A different signal: real-money operators acquiring an existing sweepstakes brand. The sweepstakes vertical has matured to the point where the established operators (VGW Holdings, Yellow Social Interactive, Stake.com Group) would represent realistic acquisition targets for a real-money operator looking to enter the space without building from scratch.
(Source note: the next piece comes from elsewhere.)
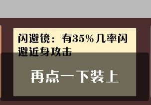 目前防御方式有4种,但它们也是和攻击一样需要在战斗中使用,并且需要消耗回合,目前装备有闪避盾(提高35%闪避率),反伤盾(40%几率抵挡50%的近身伤害伤害),荆棘盾(反弹近身35%伤害),抗伤盾(减少30%伤害)

For players, this isn't a near-term shift

Even if a major real-money operator did launch a sweepstakes brand in 2026 or 2027, the impact on the existing market would be incremental rather than disruptive. The incumbents have built defensible catalogues, redemption pipelines, and brand affinity. A new entrant (even with a major-brand backing) would need to compete on the same dimensions as Stake.us, Chumba, Pulsz, and High 5.

The likely path is gradual. Watch for a sweepstakes brand launch by a major real-money operator over the next 12-24 months. If it happens, expect the brand to lead on aspects the incumbents don't, likely native mobile apps (real-money operators have App Store approval pipelines that sweepstakes operators don't), faster redemption rails (operator-side capital depth), or licensing exclusive titles from the major-provider studios.